How do free fatty acids affect the severity of a heart attack?

In the previous two posts, I wrote about hypoxia and pseudohypoxia, i.e. the state of lack of oxygen or just the signaling of lack of oxygen in the tissues. I predicted that free long-chain fatty acids (abbreviation FFA or NEFA), by strongly modulating the activity of the enzyme glutathione peroxidase (GPx), would likely strongly influence oxygen deficiency signaling through the transcription factor HIF-1α whose proper and adequate stabilization requires some, not too little or too much hydrogen peroxide H2O2. Too high a peroxide level will be typical in pseudohypoxia, and too low will cause an insufficient and therefore potentially very dangerously low response to oxygen deficiency. The two conditions can be quite intertwined and can occur simultaneously in different tissues and also the conditions will depend heavily on the specific ones in the tissue. It seems that if, for example, the heart muscle suffers from insulin  resistance and therefore also a mild pseudohypoxia, it can still use oxidative phosphorylation during hypoxia and does not switch to fermentation, which would not need precious oxygen. Precisely this case is confirmed in the study of the heart after a heart attack, in the state of insulin resistance and high level of free fatty acids in the blood, which is typical in diabetes. And they attributes this effect to the lack of succinate.

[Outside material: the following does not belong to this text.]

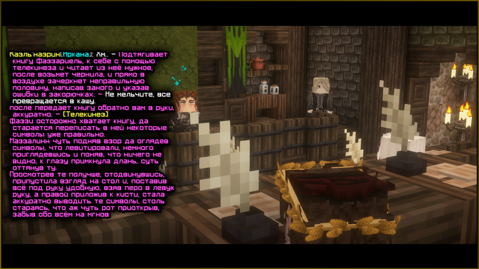 Парочка отправилась в жилище дворянина. Звересь мастерски и незаметно взломал замок на деревянной двери, а Морфит, надев маску и вооружившись ножом, стоял рядом, чувствуя, как его сердце колотится в груди. Кот сказал, что будет стоять на шухере, а Морфит должен был зарезать дворянина во сне. Войдя внутрь, Каэль'наэрин увидел уютную комнату, украшенную нотками аристократии. Дворянин спал на диване у камина, видимо, напившись. Морфит тихо прокрался по первому этажу, приближаясь к спящему ближе к дивану, как вдруг видит что книга на столе уже падает, и чтобы не разбудить дворянина тот решается с помощью управлениями ветрами магии притянуть к себе книгу не дав ей упасть [Телекинез].

Let's see what the authors of this study found, let's show some graphs.



Free fatty acids (NEFA) are elevated in diabetes, the higher they are, the worse the cells will react to lack of oxygen (HIF-1α).


Artificially induced insulin resistance of heart cells manifests itself as a poor adaptation to lack of oxygen, the fermentation of glucose to lactate is reduced and its use is reduced. This will worsen the prognosis of successfully overcoming a heart attack. (white = normoxia, black = hyxpoxia)


This is due to insufficient stabilization of the HIF-1α factor and will be manifested by insufficient glucose intake in the absence of oxygen.

Stabilization of HIF-1α and fermentation of glucose to lactose is inversely proportional to the level of FFA (Palmitate, Oleate) and the sensitivity is different for different fatty acids. By adding SSO to prevent FFA to enter the cell, the effect of insulin resistance can be compensated (HIR + SSO).


The negative effect of long fatty acids on behavior in hypoxia can be compensated by increasing the level of succinate or substances from which the cell restores it, here they supplemented with dimethyl fumarate DMF (ie, MCT oil should have a very similar effect, as it supports omega oxidation and the formation of succinate and takes down long-chain FFA).


Similarly, agents that limit HIF-1α tagging for removal (DMOG) are able to offset the effects of insulin resistance.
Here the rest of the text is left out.